• MATERIAL SUPPLIED:
┄┄┄┄┄┄┄┄┄┄┄┄┄┄┄┄┄┄┄┄

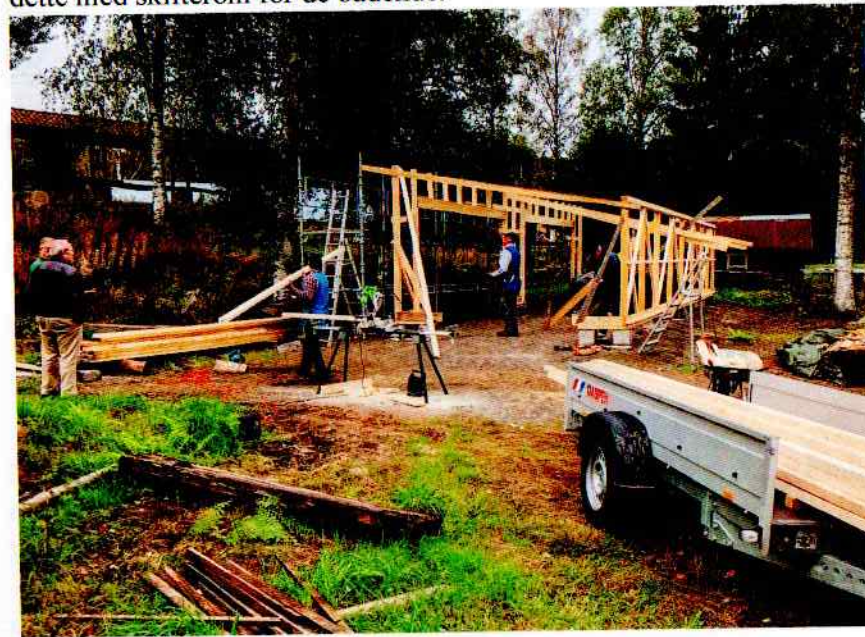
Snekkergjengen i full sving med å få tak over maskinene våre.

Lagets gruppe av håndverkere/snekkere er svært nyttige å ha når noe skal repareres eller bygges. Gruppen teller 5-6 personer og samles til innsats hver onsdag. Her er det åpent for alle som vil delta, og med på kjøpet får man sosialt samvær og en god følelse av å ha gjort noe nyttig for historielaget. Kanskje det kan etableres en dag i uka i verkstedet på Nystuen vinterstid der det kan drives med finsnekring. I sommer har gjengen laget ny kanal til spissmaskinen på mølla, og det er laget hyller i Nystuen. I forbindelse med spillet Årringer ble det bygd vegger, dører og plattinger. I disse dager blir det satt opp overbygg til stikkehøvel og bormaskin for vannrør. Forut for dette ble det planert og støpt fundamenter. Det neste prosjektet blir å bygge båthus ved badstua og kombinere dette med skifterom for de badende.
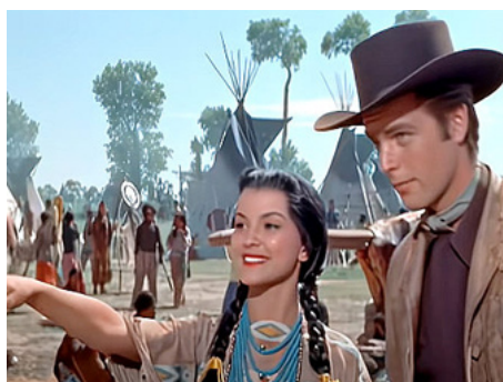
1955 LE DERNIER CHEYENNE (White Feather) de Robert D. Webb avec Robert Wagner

┄┄┄┄┄┄┄┄┄┄┄┄┄┄┄┄┄┄┄┄

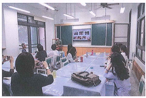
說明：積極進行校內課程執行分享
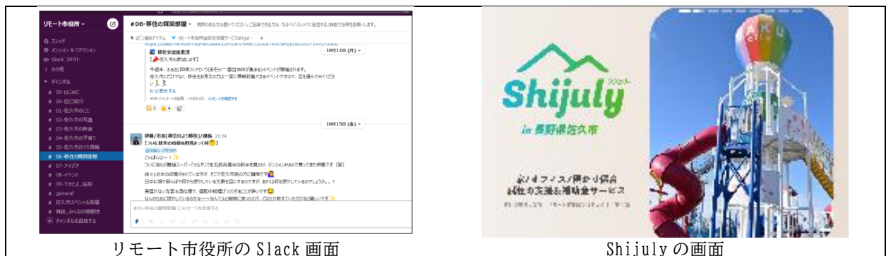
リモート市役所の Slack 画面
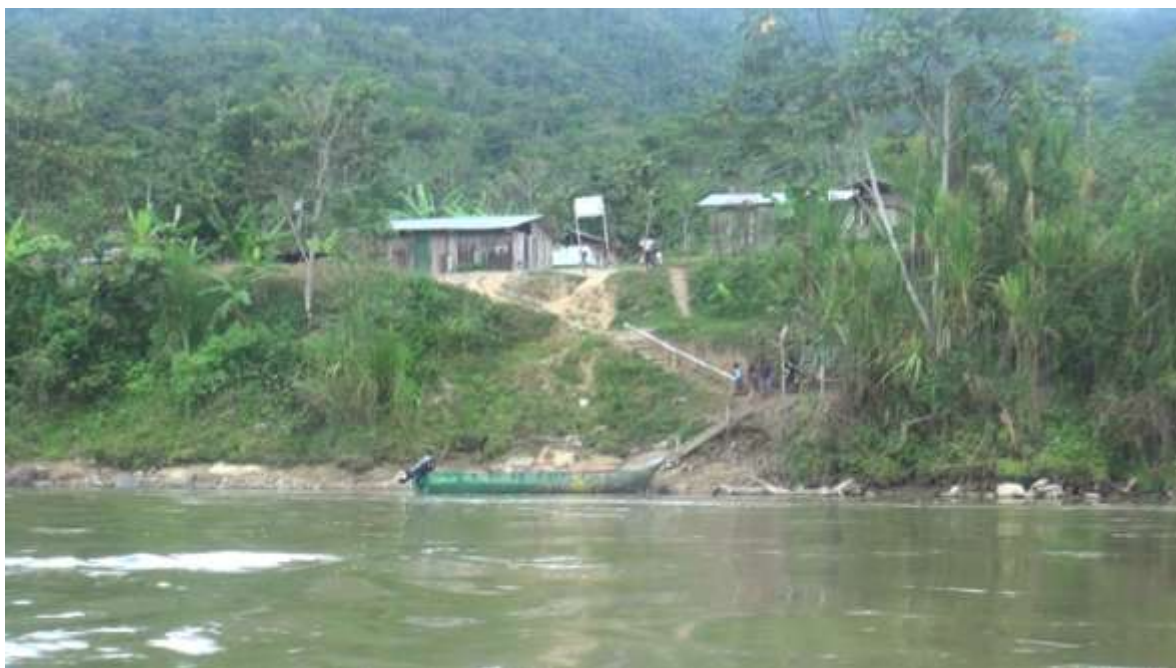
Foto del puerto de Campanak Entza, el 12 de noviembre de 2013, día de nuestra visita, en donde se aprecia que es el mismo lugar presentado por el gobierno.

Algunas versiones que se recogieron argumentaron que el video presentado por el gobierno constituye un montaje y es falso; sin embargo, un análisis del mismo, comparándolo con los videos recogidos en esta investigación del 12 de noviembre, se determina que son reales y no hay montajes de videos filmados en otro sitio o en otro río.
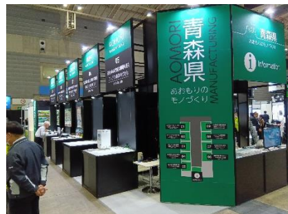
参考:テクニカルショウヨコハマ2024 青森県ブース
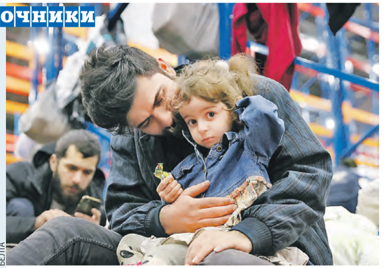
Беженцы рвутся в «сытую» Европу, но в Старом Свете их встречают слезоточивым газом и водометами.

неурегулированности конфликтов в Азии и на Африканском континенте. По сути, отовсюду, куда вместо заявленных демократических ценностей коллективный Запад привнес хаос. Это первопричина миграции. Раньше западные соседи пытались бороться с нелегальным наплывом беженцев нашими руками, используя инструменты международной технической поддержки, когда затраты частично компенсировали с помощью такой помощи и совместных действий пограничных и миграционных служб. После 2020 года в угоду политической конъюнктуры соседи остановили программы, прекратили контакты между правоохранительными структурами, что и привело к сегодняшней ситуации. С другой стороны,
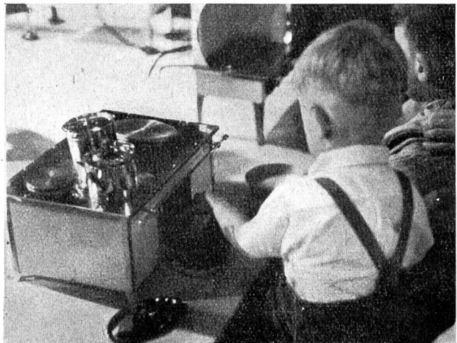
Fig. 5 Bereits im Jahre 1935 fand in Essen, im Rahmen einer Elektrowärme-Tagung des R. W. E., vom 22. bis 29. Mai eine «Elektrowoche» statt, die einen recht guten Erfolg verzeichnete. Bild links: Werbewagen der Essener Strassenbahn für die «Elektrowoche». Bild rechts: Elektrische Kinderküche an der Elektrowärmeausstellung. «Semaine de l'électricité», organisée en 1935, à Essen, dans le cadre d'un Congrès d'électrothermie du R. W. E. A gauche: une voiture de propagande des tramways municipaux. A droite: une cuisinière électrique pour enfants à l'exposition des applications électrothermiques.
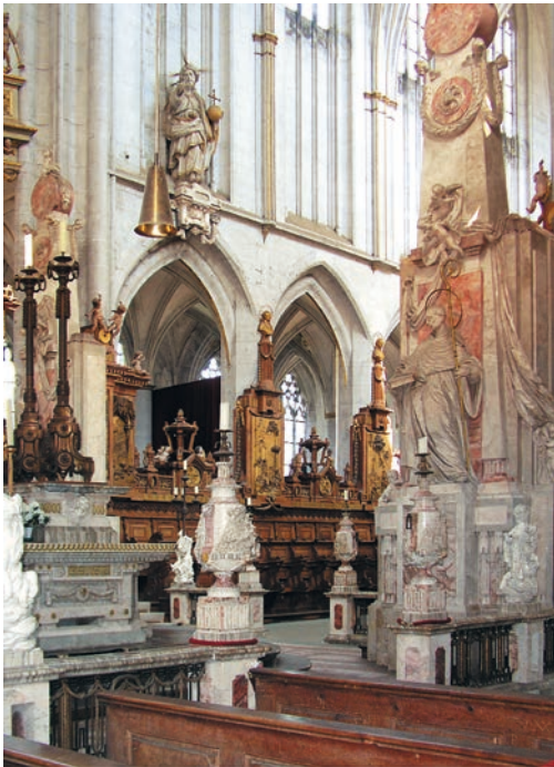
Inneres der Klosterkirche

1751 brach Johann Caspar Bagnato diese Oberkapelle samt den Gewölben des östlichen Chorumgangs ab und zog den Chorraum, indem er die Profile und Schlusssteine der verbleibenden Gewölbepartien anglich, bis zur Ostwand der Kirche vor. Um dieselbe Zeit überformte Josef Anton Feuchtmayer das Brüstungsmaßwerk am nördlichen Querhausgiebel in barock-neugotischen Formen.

┄┄┄┄┄┄┄┄┄┄┄┄┄┄┄┄┄┄┄┄

• YOUR OBJECTIVE:
Return exactly the lines above, from the one with "Lagets gruppe av" up to and including the one with "1955 LE DERNIER", and include no pictures.

• RESPONSE AREA:
Lagets gruppe av håndverkere/snekkere er svært nyttige å ha når noe skal repareres eller bygges. Gruppen teller 5-6 personer og samles til innsats hver onsdag. Her er det åpent for alle som vil delta, og med på kjøpet får man sosialt samvær og en god følelse av å ha gjort noe nyttig for historielaget. Kanskje det kan etableres en dag i uka i verkstedet på Nystuen vinterstid der det kan drives med finsnekring. I sommer har gjengen laget ny kanal til spissmaskinen på mølla, og det er laget hyller i Nystuen. I forbindelse med spillet Årringer ble det bygd vegger, dører og plattinger. I disse dager blir det satt opp overbygg til stikkehøvel og bormaskin for vannrør. Forut for dette ble det planert og støpt fundamenter. Det neste prosjektet blir å bygge båthus ved badstua og kombinere dette med skifterom for de badende.
1955 LE DERNIER CHEYENNE (White Feather) de Robert D. Webb avec Robert Wagner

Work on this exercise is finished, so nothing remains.